Abstract:
Nothing is increasing dramatically as the increase of data in different dimensions. However the
consistent increase in data size has been observed a new phenomenon. Having a close look over
the current attributes of data, it has been increasing with high velocity, high volume and with
various varieties (3Vs or V3) known as Big Data. In IT industry research communities and data
scientists have observed that Big Data has challenged the legacy of solutions. ‘Big Data’ is an all-encompassing term for any collection of data or data sets which is so large and complex and
difficult to process and manage using traditional data processing applications and existing
RDBMS respectively. When we talk about Big Data to be handled by using traditional RDBMS;
the most important challenges include analysis, capture, curation, search, sharing, storage,
transfer, visualization and privacy. As the data increases in various dimensions with various
feature (i.e. structured, semi structured and unstructured) and attributes (3V); the Relational Data Base Management Systems (RDBMSs) face another fold of limitations. Due to the aforesaid
limitations of RDBMS, data scientists and information managers are forced to rethink about
alternative solutions for handling such Big Data. Various studies have already been indicated that existing RDBMS can provide only the short terms solutions. Existing data handling technologies like RDBMS & DBMS are efficient enough when nature of the data is structured, limited in volume, velocity and variety. However if data size is huge with different varieties (i.e. voice, text, video etc.) and generating with high velocity (i.e. Petabytes/ second) it becomes difficult to handle it with existing RDBMS & DBMS tools and technologies.

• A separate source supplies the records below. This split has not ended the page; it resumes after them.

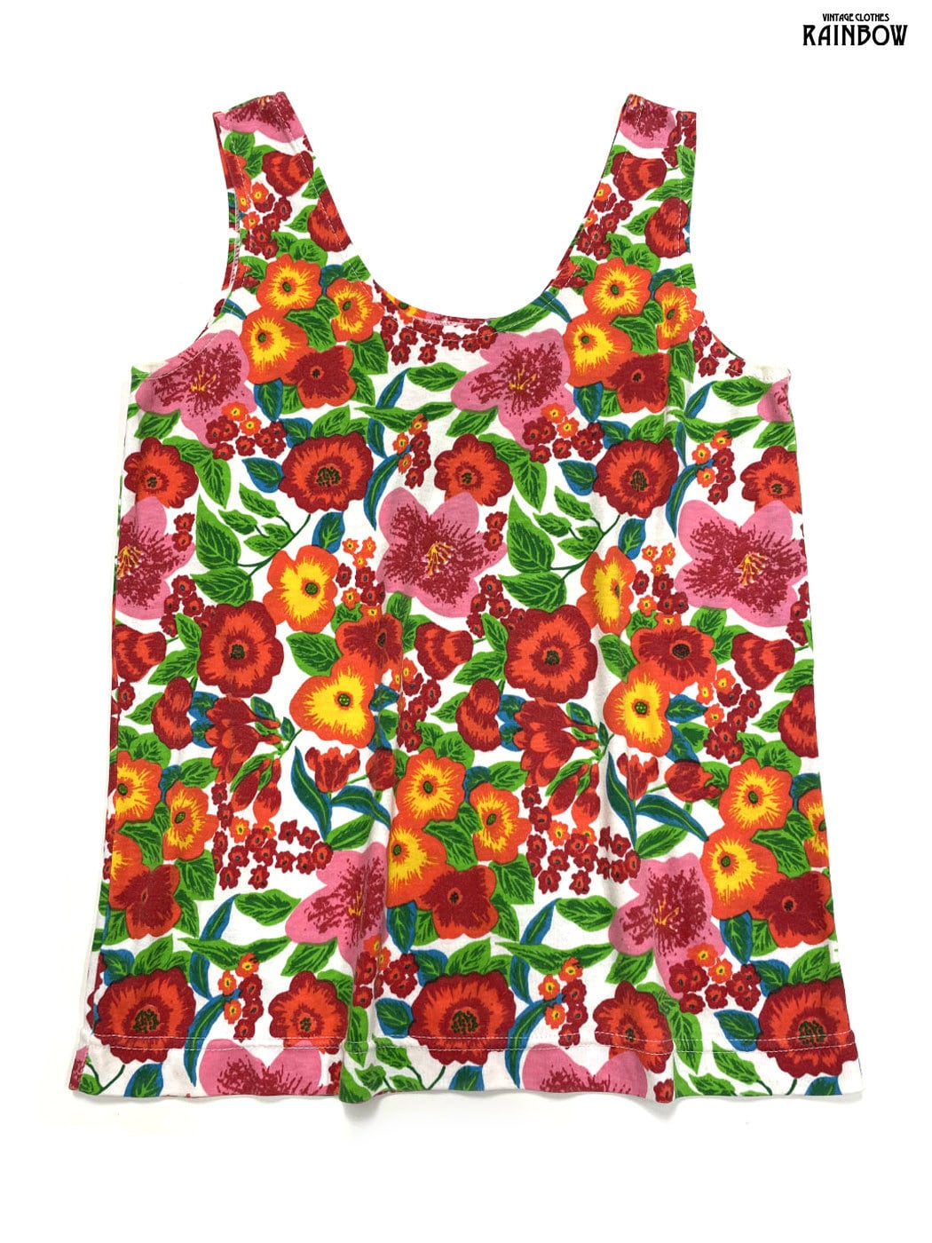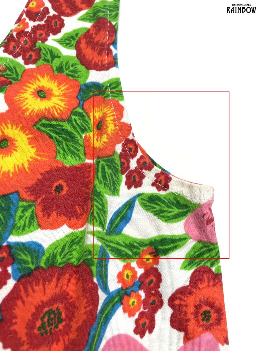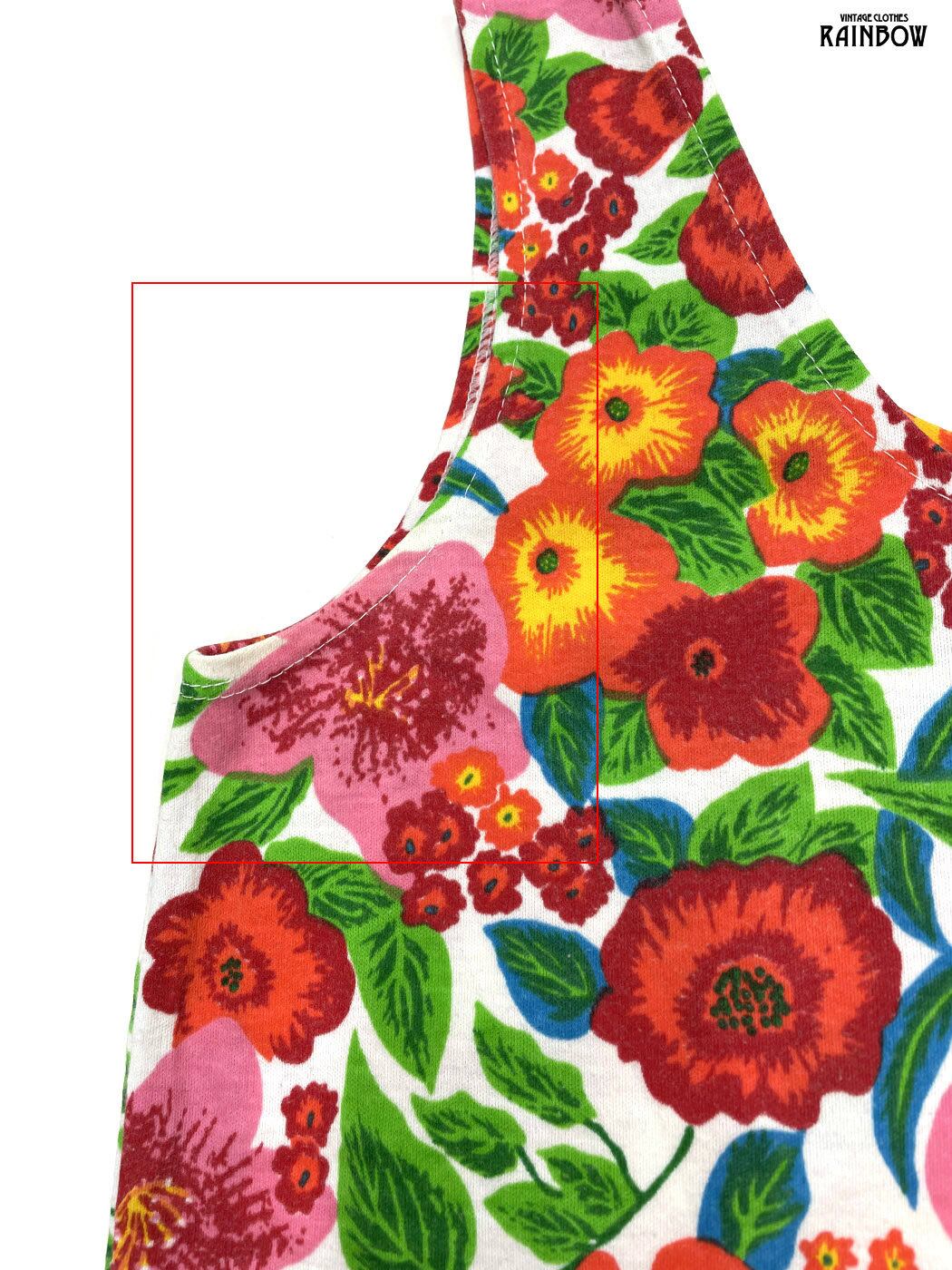 #トップス #タンクトップ #ノースリーブ #赤 #オレンジ #花柄 #カットソー地 #タンクトップ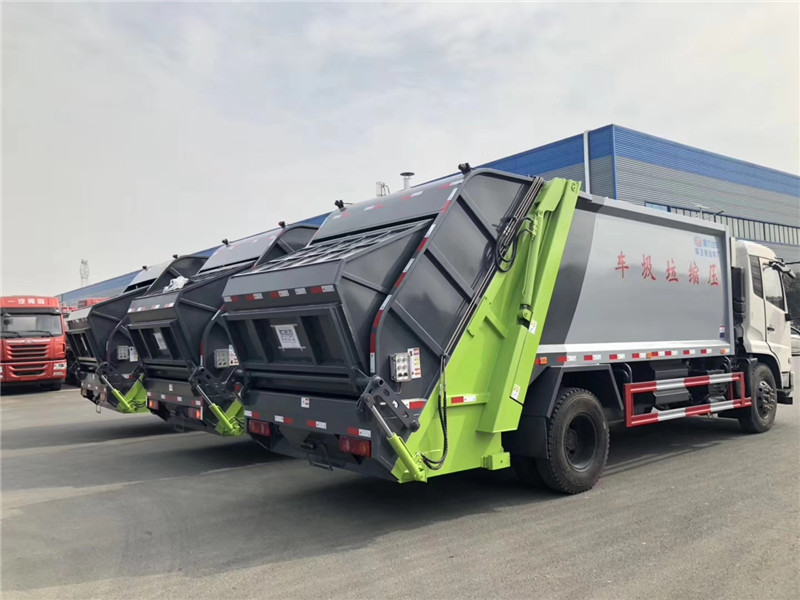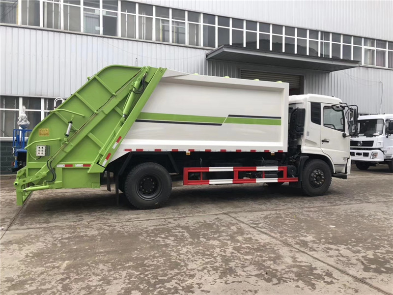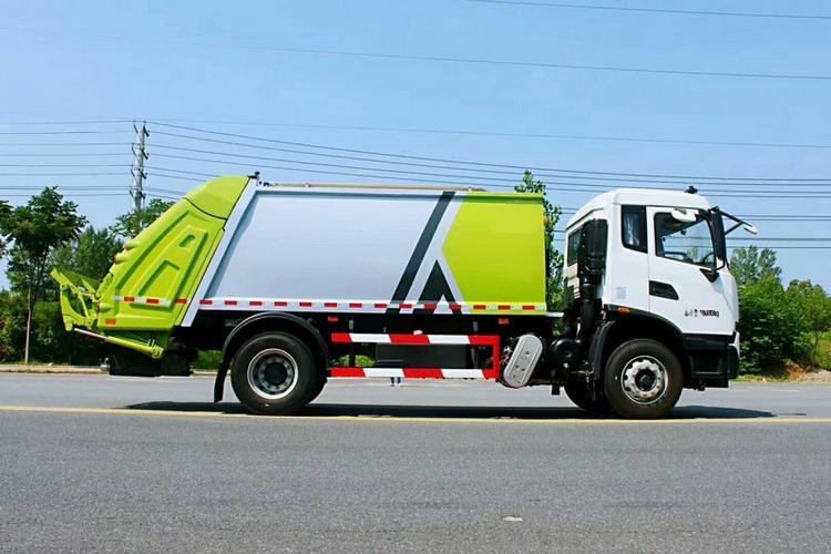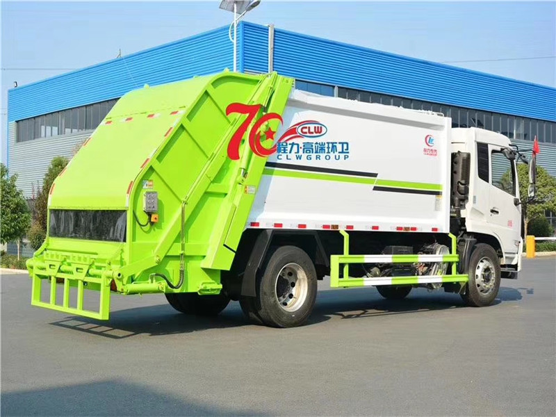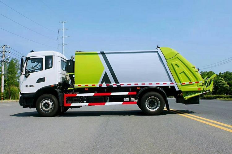 專用部分主要技術特點及產品描述: 1.垃圾箱:采用加強梁和鋼板焊接而成牢固的框架結構,實際容積最大為12-14立方,外形美觀,重量輕, 受力好,不變形;推鏟由鋼管骨架和折面板構成,不僅結構輕巧,又能使垃圾均勻分布,卸料干凈徹底;填裝器主要由填裝器殼體、滑板、刮板等構件組成,各構件采用受力良好的梁板或箱型結構,結構牢固,重量輕;為了提高使用壽命,對箱體進行了磷化防銹處理,并噴涂防銹底漆。2.液壓系統:利用電控和液壓控制的優點,通過控制轉換,保證了各機構動作準確可靠,提高了使用可靠性和效率;采用了先進的液壓舉升安全回路。其原理是在液壓系統中的舉升油缸上設置了單向平衡閥。該閥隔斷了舉升油缸與液壓膠管的直接連接,即使油管爆裂,填裝器也不會突然落下造成惡性事故,提高了使用安全性。3.裝卸方式:箱體尾部翻轉架帶翻桶(斗)機構裝卸,不會對操作人員造成污染。4.垃圾箱與填裝器之間采用特制橡膠條密封,密封性好,杜絕了二次污染。 湖北程力汽車國六東風天錦12-14方壓縮垃圾車多方位圖片展示: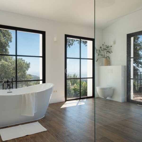 Discover a private paradise where Scandinavian design meets the raw beauty of the Andalusian landscape. Fully renovated, this five-bedroom, five-bathroom villa offers a rare sense of calm, complete privacy and open views across the Mediterranean, Estepona and the Sierra Bermeja mountains. The setting is exceptionally quiet, with nothing but nature in the background, yet the property remains easily connected, just 25 minutes from Estepona and 7 minutes from the main road.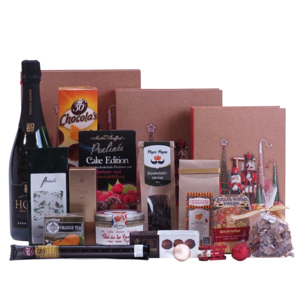 Ebben az elegáns ajándékcsomagban finom spanyol pezsgő, francia húspástétom és ínycsiklandó édességek kaptak helyet, hogy az ünnepi pillanatokat még különlegesebbé tegyék. Akár családtagot, barátot vagy munkatársat szeretnél meglepni, ezzel az ajándékkal garantáltan örömöt okozol.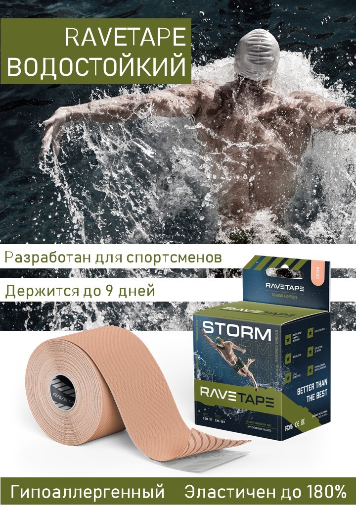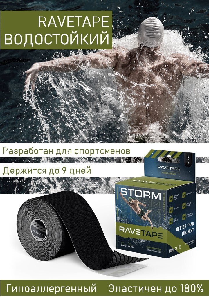 Атлетический тейп, Биомеханический тейп RaveTape STORM 5см, черный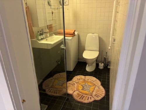 Nyrenoverat badrum. Elelement och luftkonditionering.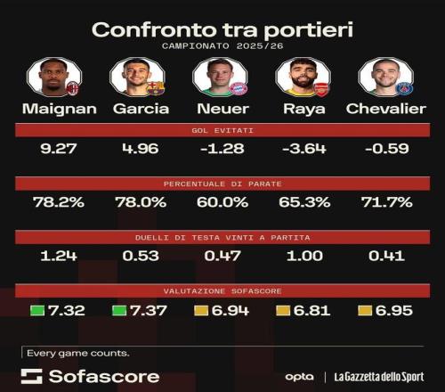 25/26賽季,米蘭一門邁尼昂狀態(tài)明顯復(fù)蘇,多次在關(guān)鍵比賽中力挽狂瀾。據(jù)專業(yè)機構(gòu)統(tǒng)計,法國國門的實際失球數(shù)要比預(yù)期失球數(shù)少9.27個,該項數(shù)據(jù)排名歐洲五大聯(lián)賽第1位。好消息是,米蘭即將以隊內(nèi)頂薪與其續(xù)約至2031年。

[1]. The major research questions required to be answered after this research are- What are the
current challenges in data Industry? Which technology will be appropriate to handle the data
which is generating with high volume, high velocity and high variety? Is the existing RDBMS are
capable enough to handle the data of unstructured and semi structured in nature? Which
technology is most feasible for handling and analyzing such big data? Is it possible to provide
visual patterns in RDBMS or DBMS for better understanding of the multilayered knowledge or
information hidden into the data? What parameters must be considered in selecting the Big Data
and RDBMS tools for Decision Makers? Aforesaid challenges clearly indicates that a long term solution with high accuracy, high volume, high speed, 3D visualization, and variety of data in terms of modern features of information analytics is highly anticipated in the IT Industry.
In this research attempts has been made to rigorously analyze the capabilities of RDBMS and
then performance analysis has been done in compare to Big Data handling tools and technologies as an alternative solutions to support the decision makers for long suitable solutions that can handle the data and information with 3V. The features considered for the discourse analysis in this research are resource consumption, execution time, on demand scalability, maximum data size, structure of the data, data visualization, and ease of deployment, cost and security.
This thesis is an exploratory research attempt. Firstly it covers the review of literature to find out
the gap in the existing researches in reference to the proposed problem and desired solutions in
Big Data Analytics and concludes with the research--ability note on the title. Secondly The Big
Data sets have been collected from the publically available data sources i.e. Telned and
Hortonworks. Later Big Data and RDBMS tools were selected for performance measurement and organizing the experimental data. Based on the database engine ranking statistics and the facts collected from the formal interview of the domain experts; an analysis and conclusion has been drawn. Based on selected parameters, experiments have been done to accomplish the comparative analysis of RDBMS Vs. Big Data tools and technologies. Finally the research provides a decision support matrix/system for decision makers in selecting the appropriate technology based on the nature of data to be handled in the target organizations.